Assuming that the statistics were done correctly and that the investigators have accounted for sampling variability, the relationship between the independent and dependent variable definitely exists.
That further assumes your underlying process is stable and is not subject to drift, regime changes, etc. Sometimes you can make that assumption, sometimes you cannot.
Another very common reason is to create a predictive model without caring about actual causation. If you can’t do interventions but would like to forecast the future, that’s all you need.
You’d also like a guarantee that others can’t do interventions, or else your measure could be gamed. (But if there’s an actual causal relationship, then ‘gaming’ isn’t really possible.)
(1) I just think calling a nonrandomized study a correlational study is weird.

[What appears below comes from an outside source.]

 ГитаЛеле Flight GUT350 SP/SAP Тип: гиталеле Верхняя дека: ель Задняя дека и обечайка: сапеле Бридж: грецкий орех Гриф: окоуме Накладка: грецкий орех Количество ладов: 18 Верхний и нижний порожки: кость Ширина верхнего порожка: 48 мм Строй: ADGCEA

(2) I meant to say effect; not study; fixed
(3) If something is caused by a confounding variable, then the independent variable may have no relationship with the dependent variable. You seem to be using correlation to mean the result of an analysis, but I’m thinking of it as the actual real relationship which is distinct from causation. So y=x does not mean y causes x or that x causes y.

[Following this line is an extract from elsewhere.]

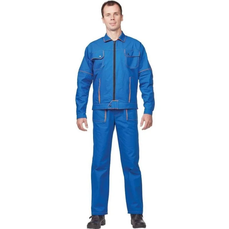 Спецодежда летняя костюм мужской л06-КБР (куртка брюки). Размер: 44–46. Рост: 170–176. Куртка прямого силуэта с застежкой на 'молнию'. На левом рукаве двухсекционный карман с клапаном Пояс куртки регулируется по ширинезастежками-хлястиками Брюки с застежкой гульфика на пуговицы, с накладными карманами Ткань: саржа (100%хлопок) Плотность ткани: 240 г/м2. Цвет: васильковый, отделка: оранжевый. Температурный режим стирки — не выше 40 градусов. Есть заключение Минпромторга России для получения компенсации от ФСС на охрану труда. Сферы применения: сельское хозяйство, логистика, легкая промышленность, строительство, озеленение, автомобильная. В коллекции л06 представлены комплекты: куртка с брюками л06-КБР и куртка с полукомбинезоном л06-КПК .

I don’t understand what you mean by “real relationship”. I suggest tabooing the terms “real relationship” and “no relationship”.
I am using the word “correlation” to discuss whether the observed variable X predicts the observed variable Y in the (hypothetical?) superpopulation from which the sample was drawn. Such a correlation can exist even if neither variable causes the other.
If X predicts Y in the superpopulation (regardless of causality), the correlation will indeed be real. The only possible definition I can think of for a “false” correlation is one that does not exist in the superpopulation, but which appears in your sample due to sampling variability. Statistical methodology is in general more than adequate to discuss whether the appearance of correlation in your sample is due to real correlation in the superpopulation. You do not need causal inference to reason about this question. Moreover, confounding is not relevant.
Confounding and causal inference are only relevant if you want to know whether the correlation in the superpopulation is due to the causal effect of X on Y. You can certainly define the causal effect as the “actual real relationship”, but then I don’t understand how it is distinct from causation.
The only possible definition I can think of for a “false” correlation is one that does not exist in the superpopulation, but which appears in your sample due to sampling variability.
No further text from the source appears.